Problem: Return all entries precisely as they stand, without the images.

Material provided:

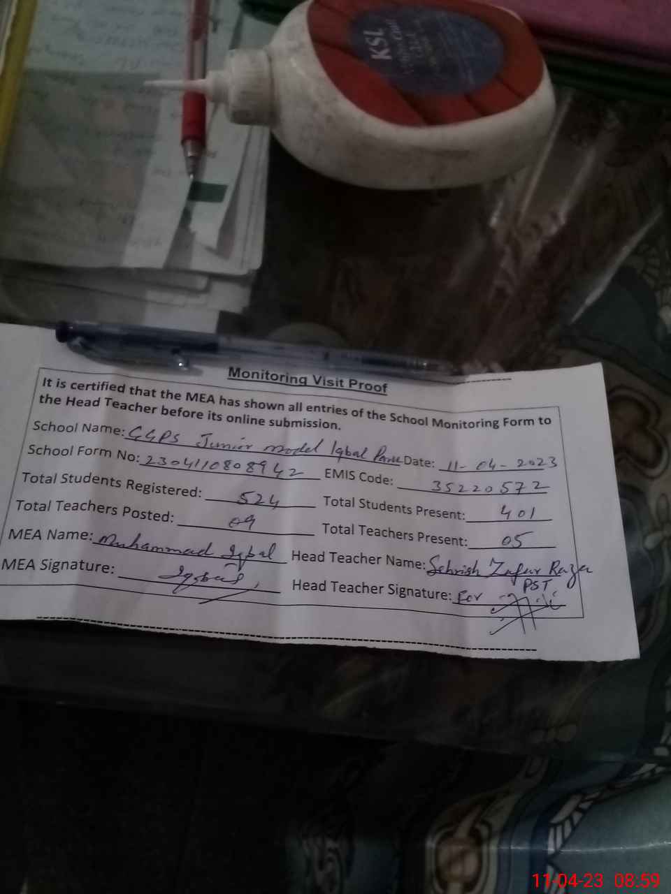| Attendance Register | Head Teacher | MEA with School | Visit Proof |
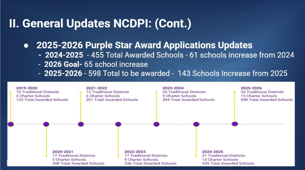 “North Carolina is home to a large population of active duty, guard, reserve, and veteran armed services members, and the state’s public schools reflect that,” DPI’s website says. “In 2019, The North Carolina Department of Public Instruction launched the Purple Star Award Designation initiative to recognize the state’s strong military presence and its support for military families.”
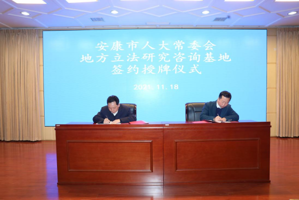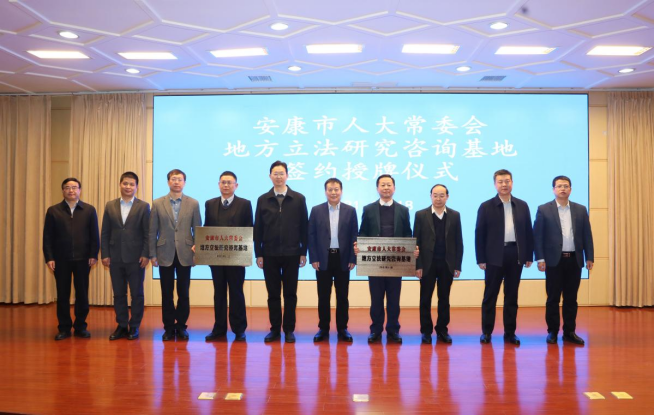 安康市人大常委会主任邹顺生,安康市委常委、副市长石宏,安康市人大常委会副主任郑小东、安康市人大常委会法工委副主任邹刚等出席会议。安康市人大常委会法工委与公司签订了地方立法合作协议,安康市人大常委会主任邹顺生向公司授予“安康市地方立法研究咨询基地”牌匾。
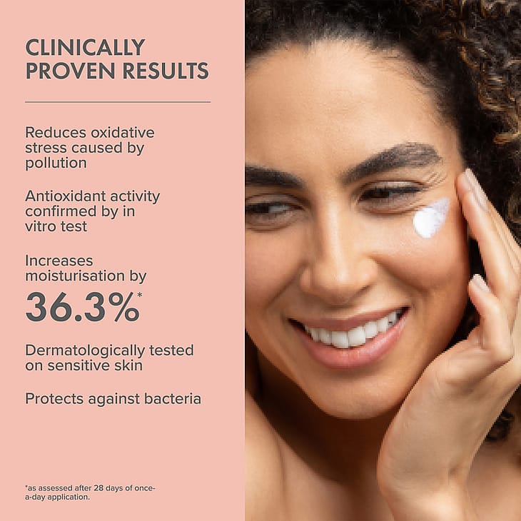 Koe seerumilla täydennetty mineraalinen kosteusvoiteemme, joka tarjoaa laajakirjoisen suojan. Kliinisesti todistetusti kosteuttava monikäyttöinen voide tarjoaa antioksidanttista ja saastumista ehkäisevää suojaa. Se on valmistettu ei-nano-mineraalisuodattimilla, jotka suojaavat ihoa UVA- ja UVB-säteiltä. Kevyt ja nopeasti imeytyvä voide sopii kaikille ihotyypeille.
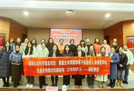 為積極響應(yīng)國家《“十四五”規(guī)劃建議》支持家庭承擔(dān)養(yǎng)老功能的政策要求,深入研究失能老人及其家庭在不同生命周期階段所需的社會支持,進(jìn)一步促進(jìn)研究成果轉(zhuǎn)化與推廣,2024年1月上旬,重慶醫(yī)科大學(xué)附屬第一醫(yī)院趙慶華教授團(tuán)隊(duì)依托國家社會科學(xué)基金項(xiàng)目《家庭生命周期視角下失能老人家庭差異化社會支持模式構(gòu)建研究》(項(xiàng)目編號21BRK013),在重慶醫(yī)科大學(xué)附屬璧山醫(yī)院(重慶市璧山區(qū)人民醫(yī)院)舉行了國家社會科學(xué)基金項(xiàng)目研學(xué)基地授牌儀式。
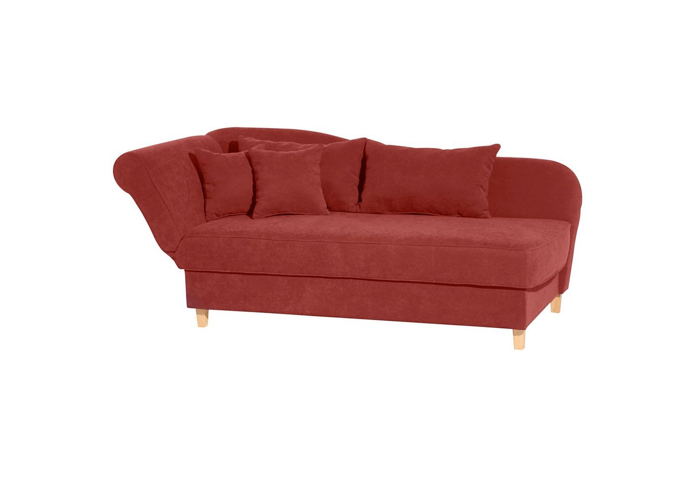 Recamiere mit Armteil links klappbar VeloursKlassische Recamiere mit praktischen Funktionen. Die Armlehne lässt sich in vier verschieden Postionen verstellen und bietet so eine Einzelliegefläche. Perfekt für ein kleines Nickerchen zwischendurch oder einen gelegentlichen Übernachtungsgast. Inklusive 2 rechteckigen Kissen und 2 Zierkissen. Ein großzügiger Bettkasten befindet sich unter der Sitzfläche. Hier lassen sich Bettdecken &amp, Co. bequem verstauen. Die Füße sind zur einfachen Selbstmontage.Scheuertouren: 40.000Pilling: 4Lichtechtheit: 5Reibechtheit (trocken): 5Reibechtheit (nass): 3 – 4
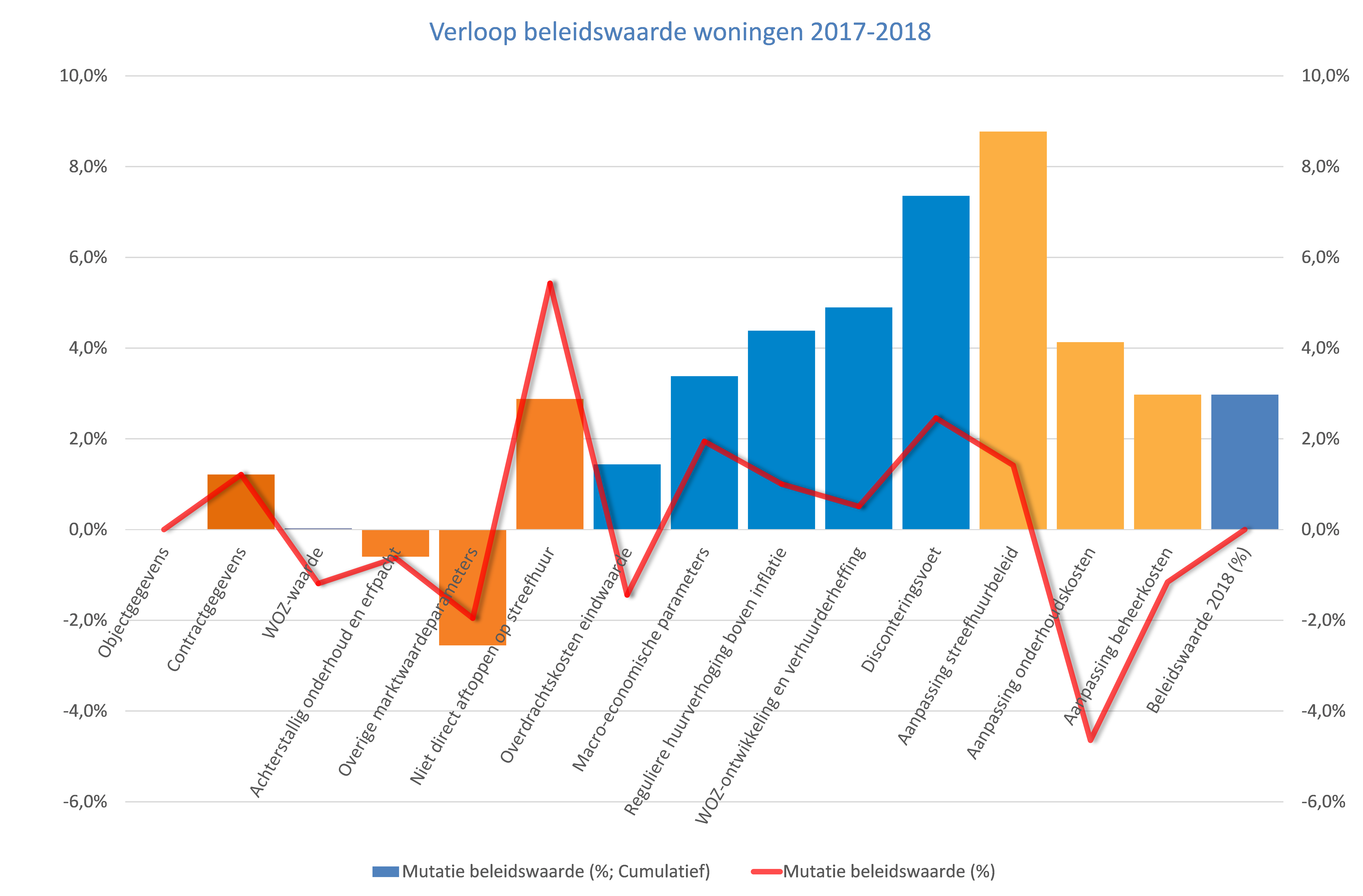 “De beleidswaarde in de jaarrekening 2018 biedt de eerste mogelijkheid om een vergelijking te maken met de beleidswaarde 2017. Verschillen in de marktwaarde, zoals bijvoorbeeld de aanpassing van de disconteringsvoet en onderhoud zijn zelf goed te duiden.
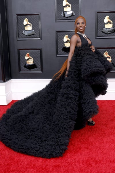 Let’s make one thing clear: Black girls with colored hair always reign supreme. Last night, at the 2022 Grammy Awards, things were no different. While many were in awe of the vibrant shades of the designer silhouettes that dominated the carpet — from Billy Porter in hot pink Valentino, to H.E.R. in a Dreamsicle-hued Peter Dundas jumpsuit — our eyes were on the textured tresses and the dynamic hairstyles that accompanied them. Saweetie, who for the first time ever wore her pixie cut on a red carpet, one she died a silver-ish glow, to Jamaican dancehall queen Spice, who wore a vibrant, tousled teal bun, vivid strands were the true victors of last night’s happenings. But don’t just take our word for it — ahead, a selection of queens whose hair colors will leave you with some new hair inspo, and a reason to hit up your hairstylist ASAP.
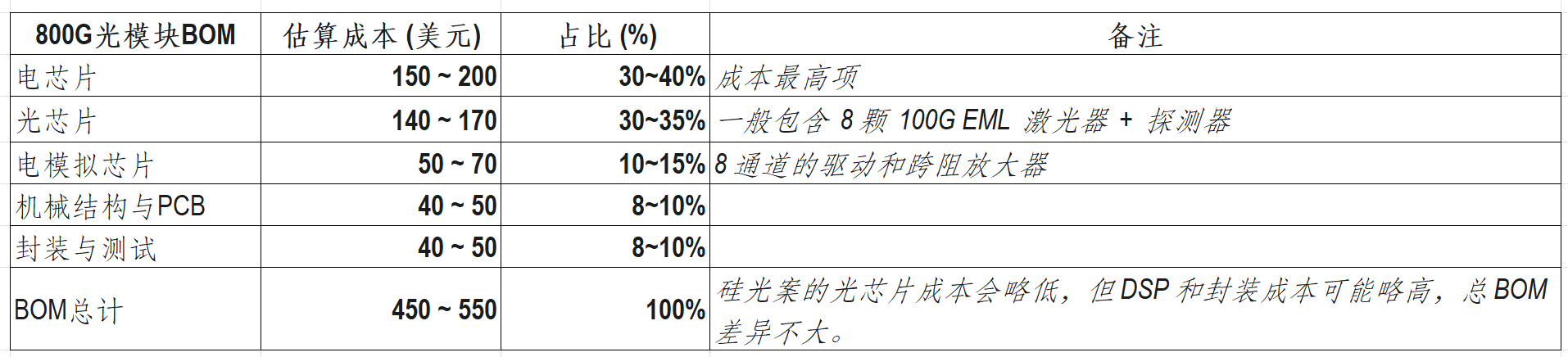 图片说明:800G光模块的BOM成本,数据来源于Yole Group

Answer area:
| Attendance Register | Head Teacher | MEA with School | Visit Proof |
 “North Carolina is home to a large population of active duty, guard, reserve, and veteran armed services members, and the state’s public schools reflect that,” DPI’s website says. “In 2019, The North Carolina Department of Public Instruction launched the Purple Star Award Designation initiative to recognize the state’s strong military presence and its support for military families.”
 安康市人大常委会主任邹顺生,安康市委常委、副市长石宏,安康市人大常委会副主任郑小东、安康市人大常委会法工委副主任邹刚等出席会议。安康市人大常委会法工委与公司签订了地方立法合作协议,安康市人大常委会主任邹顺生向公司授予“安康市地方立法研究咨询基地”牌匾。
 Koe seerumilla täydennetty mineraalinen kosteusvoiteemme, joka tarjoaa laajakirjoisen suojan. Kliinisesti todistetusti kosteuttava monikäyttöinen voide tarjoaa antioksidanttista ja saastumista ehkäisevää suojaa. Se on valmistettu ei-nano-mineraalisuodattimilla, jotka suojaavat ihoa UVA- ja UVB-säteiltä. Kevyt ja nopeasti imeytyvä voide sopii kaikille ihotyypeille.
 為積極響應(yīng)國家《“十四五”規(guī)劃建議》支持家庭承擔(dān)養(yǎng)老功能的政策要求,深入研究失能老人及其家庭在不同生命周期階段所需的社會支持,進(jìn)一步促進(jìn)研究成果轉(zhuǎn)化與推廣,2024年1月上旬,重慶醫(yī)科大學(xué)附屬第一醫(yī)院趙慶華教授團(tuán)隊(duì)依托國家社會科學(xué)基金項(xiàng)目《家庭生命周期視角下失能老人家庭差異化社會支持模式構(gòu)建研究》(項(xiàng)目編號21BRK013),在重慶醫(yī)科大學(xué)附屬璧山醫(yī)院(重慶市璧山區(qū)人民醫(yī)院)舉行了國家社會科學(xué)基金項(xiàng)目研學(xué)基地授牌儀式。
 Recamiere mit Armteil links klappbar VeloursKlassische Recamiere mit praktischen Funktionen. Die Armlehne lässt sich in vier verschieden Postionen verstellen und bietet so eine Einzelliegefläche. Perfekt für ein kleines Nickerchen zwischendurch oder einen gelegentlichen Übernachtungsgast. Inklusive 2 rechteckigen Kissen und 2 Zierkissen. Ein großzügiger Bettkasten befindet sich unter der Sitzfläche. Hier lassen sich Bettdecken &amp, Co. bequem verstauen. Die Füße sind zur einfachen Selbstmontage.Scheuertouren: 40.000Pilling: 4Lichtechtheit: 5Reibechtheit (trocken): 5Reibechtheit (nass): 3 – 4
 “De beleidswaarde in de jaarrekening 2018 biedt de eerste mogelijkheid om een vergelijking te maken met de beleidswaarde 2017. Verschillen in de marktwaarde, zoals bijvoorbeeld de aanpassing van de disconteringsvoet en onderhoud zijn zelf goed te duiden.
 Let’s make one thing clear: Black girls with colored hair always reign supreme. Last night, at the 2022 Grammy Awards, things were no different. While many were in awe of the vibrant shades of the designer silhouettes that dominated the carpet — from Billy Porter in hot pink Valentino, to H.E.R. in a Dreamsicle-hued Peter Dundas jumpsuit — our eyes were on the textured tresses and the dynamic hairstyles that accompanied them. Saweetie, who for the first time ever wore her pixie cut on a red carpet, one she died a silver-ish glow, to Jamaican dancehall queen Spice, who wore a vibrant, tousled teal bun, vivid strands were the true victors of last night’s happenings. But don’t just take our word for it — ahead, a selection of queens whose hair colors will leave you with some new hair inspo, and a reason to hit up your hairstylist ASAP.
 图片说明:800G光模块的BOM成本,数据来源于Yole Group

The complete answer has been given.